DLP solutions protect sensitive data by avoiding unauthorized access and unintentional disclosure of information. By enforcing DLP standards, we may efficiently monitor, detect, and stop the transfer of sensitive information across different devices, networks, and cloud platforms. DLP solutions can monitor and control data flow while enforcing rules prohibiting unlawful data transfer. This ensures that confidential information remains within the organization's control. This capability is crucial for protecting intellectual property and personal information and complying with regulatory requirements like GDPR and HIPAA. This is also an area where ML integration might substantially help when dealing with various regulatory compliance frameworks.

SASE combines network security functionalities with wide-area network (WAN) capabilities to create secure connections among users, systems, and devices. The SASE framework integrates several components to make a unified system, such as secure online gateways, cloud access security brokers, firewall-as-a-service, and zero trust network access. This technique ensures the consistent enforcement of security policies, regardless of the user's geographical location, guaranteeing secure and uninterrupted access to applications and data. SASE enables the shift to a decentralized workforce by offering secure remote access and streamlining the administration of multiple security solutions.
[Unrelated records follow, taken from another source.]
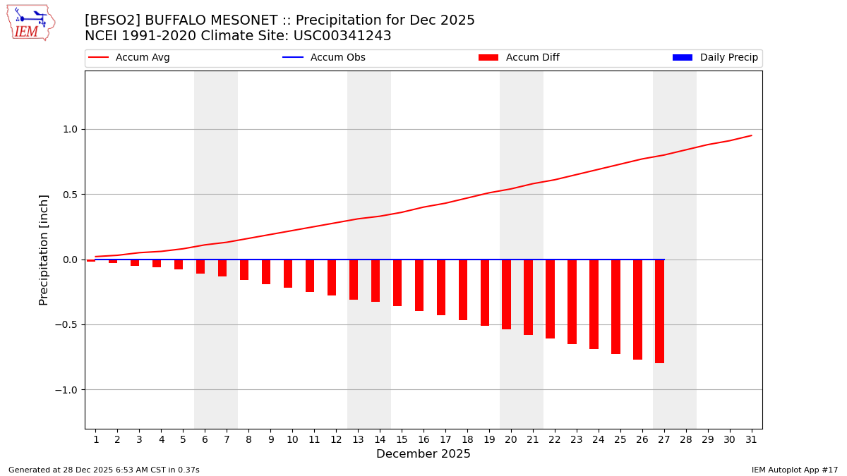 Description: This chart is of daily precipitation for the month. The red line would be an average month while the blue line and bars are observations.
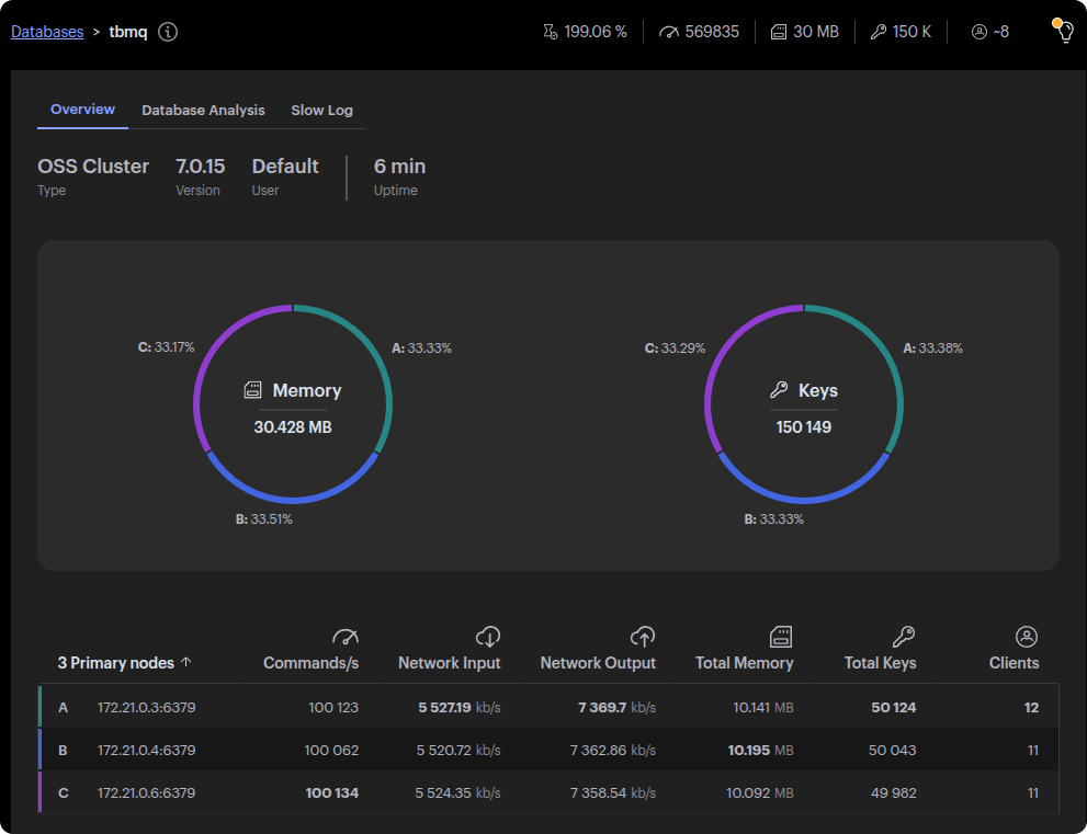 我们选择迁移到Redis,核心原因在于它能够解决PostgreSQL遇到的关键性能瓶颈。 PostgreSQL依赖磁盘存储和垂直扩展,而Redis主要在内存中运行,可显著降低读写延迟。 此外,Redis的分布式架构使TBMQ能够水平扩展,即使在客户端会话数与消息存储量持续增长的情况下,也能保持高效的消息检索与投递。
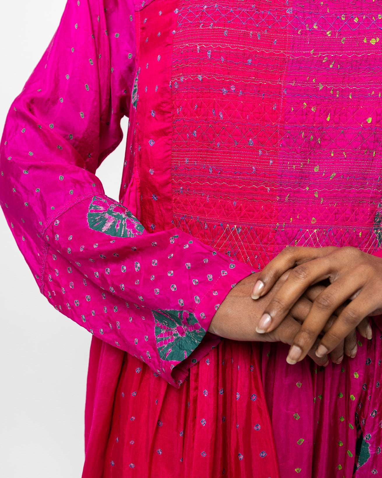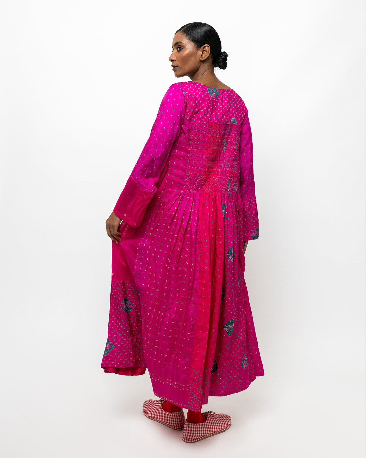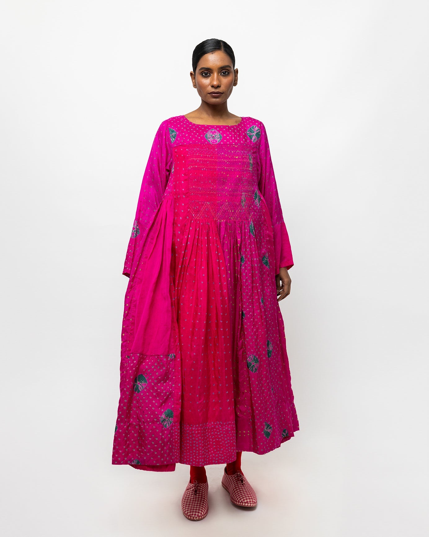 The Aabha dress, crafted in tie-dyed silk, is marked by a vibrant fuchsia ground animated with fine resist-dyed dots. The gathered silhouette opens into generous volume, allowing colour and pattern to unfold with movement. Lightweight and fluid, this dress is designed for a relaxed fit that drapes effortlessly on the body.
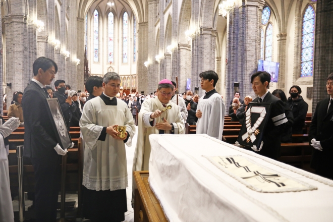 정 대주교는 “고인은 영화 작품을 통해 신앙과 삶의 가치를 드러냈을 뿐 아니라, 생명위원회와 ‘바보의나눔’ 등 교회의 다양한 활동에도 적극 참여하며 나눔과 책임의 삶을 실천했다”며 “그의 신앙은 신자가 아닌 이들에게도 인간 존중과 따뜻한 품위를 깊이 새겨주었다”고 말했다.
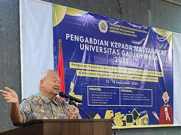Hal ini disampaikan dalam kuliah umum dan pelatihan bertajuk “Penguatan Jurnalisme Warga untuk Mewujudkan Ketahanan Sosial Budaya” yang digelar di Aula Balai Kelurahan Margokaton, Kapanewon Seyegan, Sleman, Jumat (13/9/2025).
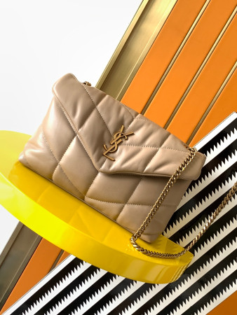 Y*L puffer medium in nappa leather dark beige 13.7 x 9 x 5.3 inches
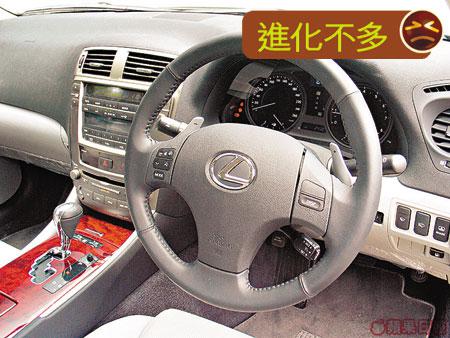 還記得上一代IS200的車廂最出位是甚麼嗎?當然是那個如手錶一樣的錶板,今代雖沒有用上同樣的設計,但錶板一樣靚到無倫,轉數及速度錶內各有個源自賽車設計的環形警告燈,當到達設定的轉數及速度後,錶板會亮起橙色的警告燈,如再高一點便變成紅色。此外,軚環後亦設有轉波用的撥片,不再是按鈕形式,左減右加使用起來更方便。空間方面,IS車系由於是部小型的FR房車,因此不可以對它的後座有太大的期望,中央的傳動軸凸槽很大,中排乘客少不了要屈膝而坐,但整體的空間仍比上代出色。
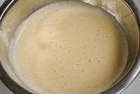 - Яйца взбиваем со щепоткой соли добела в пышную пену. Вливаем цитрусовую смесь в яичную и аккуратно перемешиваем, стараясь не повредить пену.
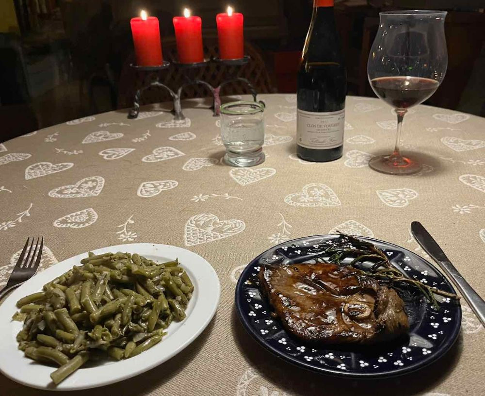 Lammkotelett, mariniert mit Knoblauch, Rosmarin, Thymian, Oregano, Kreuzkümmel, Zimt, Olivenöl und etwas Zitronensaft, scharf kurz angebraten, mit Rotwein abgelöscht und mit Teriyakisoße und Schalotten fertig gebraten sowie Brechbohnen mit Schalotten und Thymian zum Burgunder Clos de Vougeot Grand Cru 2017

By incorporating these technologies into our Zero Trust Architecture (ZTA), we enhance our ability to detect, reduce, and resolve security vulnerabilities, ensuring a strong and secure environment. The subsequent protocols for executing ZTA will aid us in guaranteeing robust security, protecting confidential data, and complying with evolving regulatory requirements.

7. Conclusions

Utilizing Microsoft Azure to implement a Zero Trust Architecture provides notable security benefits. One of the main advantages is the heightened security provided by implementing MFA for all users. This supplementary level of protection guarantees that simply possessing a password is inadequate for gaining access to the system, diminishing the likelihood of unauthorized entry. By implementing conditional access controls, security is strengthened as security requirements are applied dynamically depending on the risk levels of users and devices. This method facilitates the ongoing surveillance and validation of identities, essential for upholding a strong security stance in a cloud-focused setting.
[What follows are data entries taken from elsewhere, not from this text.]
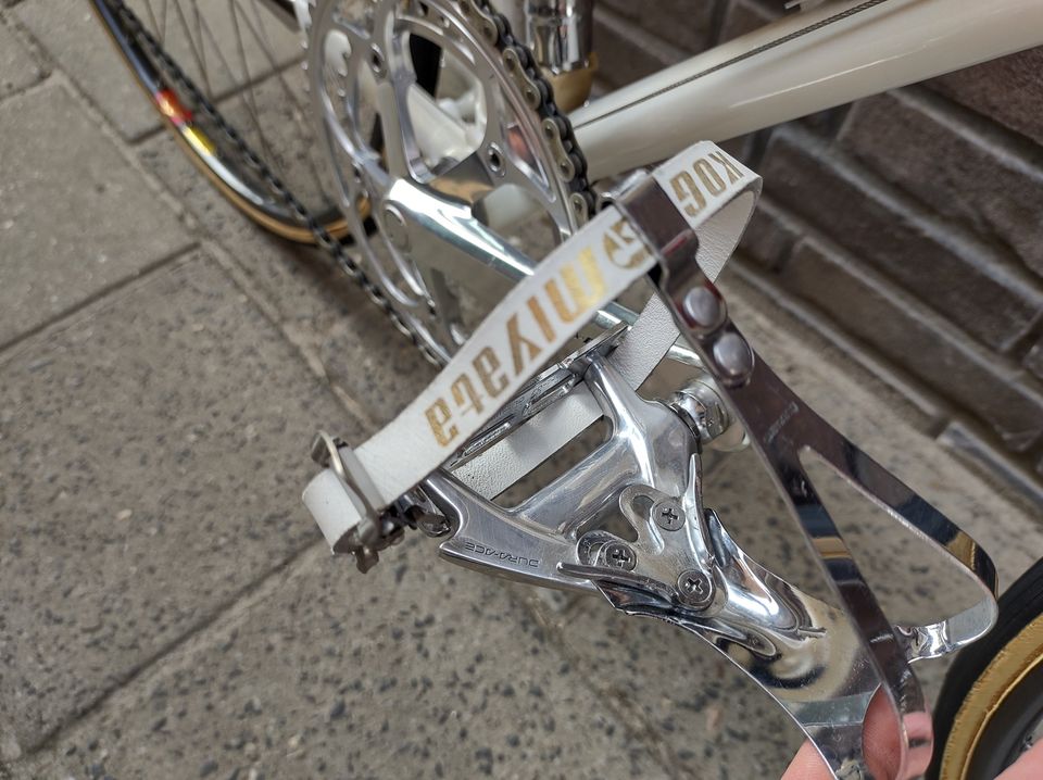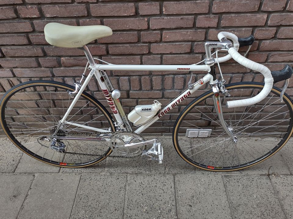 Je viens d'avoir la chance de pouvoir acquérir un Koga Miyata Proracer de 1986 en état totalement neuf et, qui plus est, à ma taille. Une opportunité rare de tomber sur un tel bijou. Non seulement il est comme neuf mais, en prime, pourvu de tous les accessoires (pompe, bidon, courroies...)
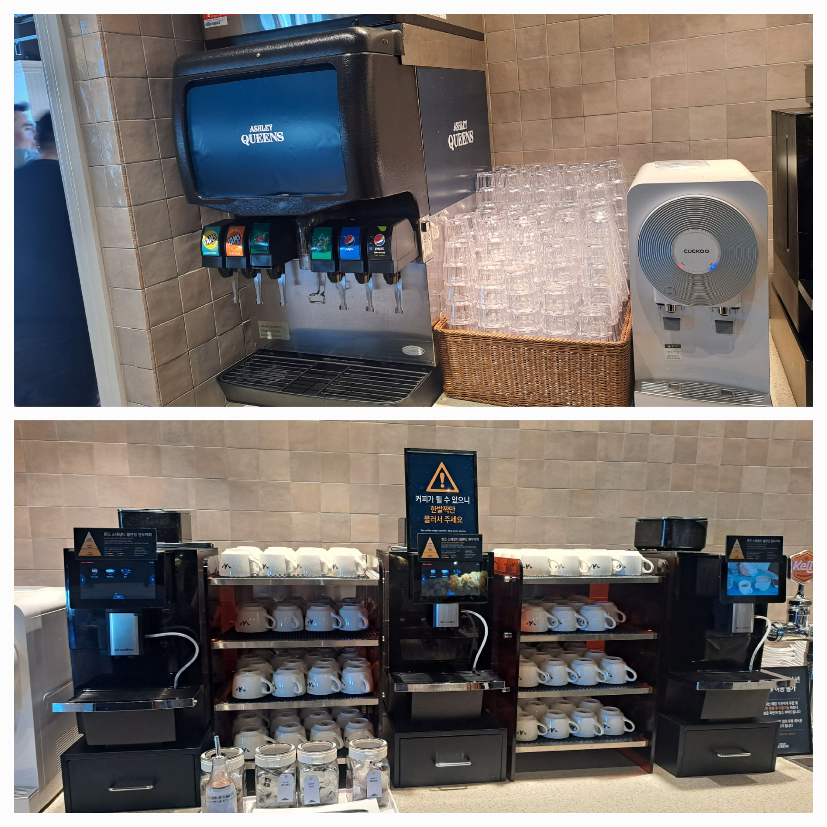 애슐리퀸즈는 호출벨을 누르면 기계가 와서 치우는 방식입니다.
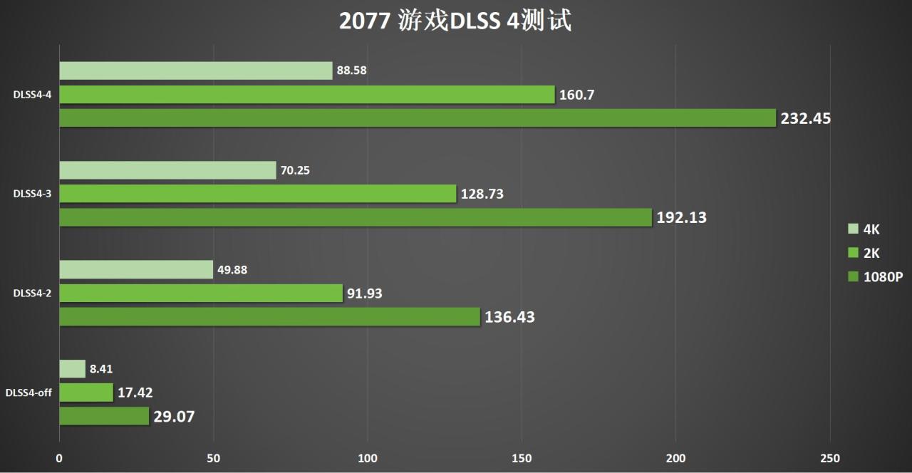 對比上一代RTX 4060 Ti顯卡在2K以及1080P分辨率下開啓DLSS 4後的幀數提升更是驚人的5倍幀數表現。相信如果考慮RTX 5060 Ti首發價格與RTX 4060 Ti價格不變或者接近的話,在DLSS 4加持下RTX 5060 Ti可能會是這次RTX 50系中性能提升最大的一張顯卡了。
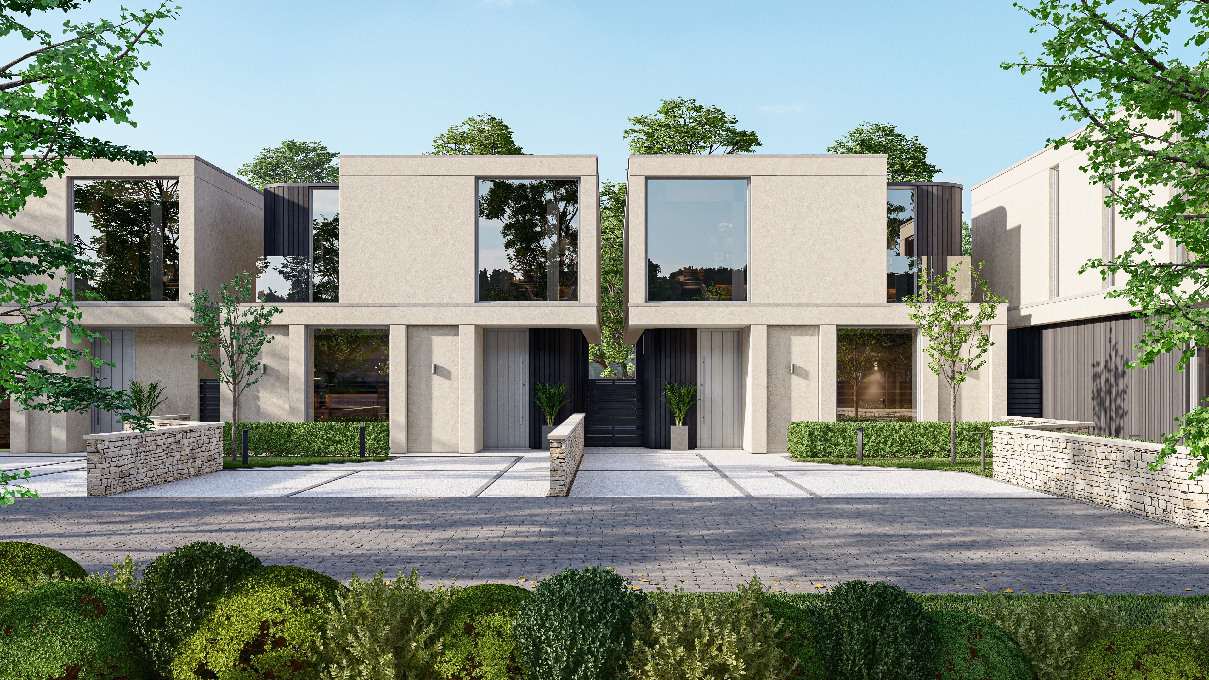 As you arrive at the development, you are greeted by a sweeping driveway through beautifully landscaped grounds leading to your residence. Sleek architectural designs have created imposing facades featuring large glazed openings to flood the properties with natural light. Convenient driveway parking for two vehicles is standard at all properties. As you enter the home, you will find an impressive inventory of features and technology incorporated as standard. From a state-of-the-art smart home automation system to energy-efficient heating systems, enabling you to control the climate, lighting, security, and entertainment with ease from the comfort of your home, or anywhere in the world.

Another benefit is decreasing vulnerable areas targeted for attacks by implementing passwordless authentication techniques like biometrics, hardware tokens, or mobile authenticator apps. These solutions mitigate the risks commonly associated with standard passwords, including using weak passwords, password reuse, and susceptibility to phishing attempts. In Azure's Privileged Identity Management (PIM), the implementation of Just-In-Time (JIT) access guarantees that users are granted just the essential privileges for the shortest possible duration by the Zero Trust principle of least privilege. By doing this, the likelihood of power misuse is reduced, and the overall security architecture is strengthened.
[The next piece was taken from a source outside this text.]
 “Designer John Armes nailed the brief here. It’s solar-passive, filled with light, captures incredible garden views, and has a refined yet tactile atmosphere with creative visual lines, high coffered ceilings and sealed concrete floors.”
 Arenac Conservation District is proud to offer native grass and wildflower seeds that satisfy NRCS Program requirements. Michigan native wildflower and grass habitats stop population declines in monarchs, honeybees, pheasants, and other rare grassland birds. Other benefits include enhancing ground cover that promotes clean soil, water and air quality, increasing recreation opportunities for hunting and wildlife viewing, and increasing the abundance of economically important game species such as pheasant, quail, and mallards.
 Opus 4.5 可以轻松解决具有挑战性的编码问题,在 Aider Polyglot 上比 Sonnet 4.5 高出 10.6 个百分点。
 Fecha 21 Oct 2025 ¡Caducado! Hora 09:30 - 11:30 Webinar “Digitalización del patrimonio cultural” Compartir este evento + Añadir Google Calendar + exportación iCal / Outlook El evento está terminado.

The implementation also incorporates functionalities that enhance user experience and optimize operational efficiency. Implementing self-service password resets decreases reliance on help desk assistance and empowers users to fix account lockouts quickly, ultimately improving user convenience and productivity. Regular access reviews ensure that permissions are consistently updated to align with users' roles and responsibilities, adhering to the zero-trust principle of ongoing verification.

Author Contributions

Conceptualization, V.D.; Methodology, V.D. and Z.M.; Validation, A.K. and Z.M.; Formal analysis, D.R. and A.K.; Investigation, D.R. and A.K; Resources, D.R.; Writing—original draft, Z.M. and D.R.; Writing—review & editing, V.D.; Supervision, V.D.; Project administration, V.D. All authors have read and agreed to the published version of the manuscript.

Funding

This research received no external funding.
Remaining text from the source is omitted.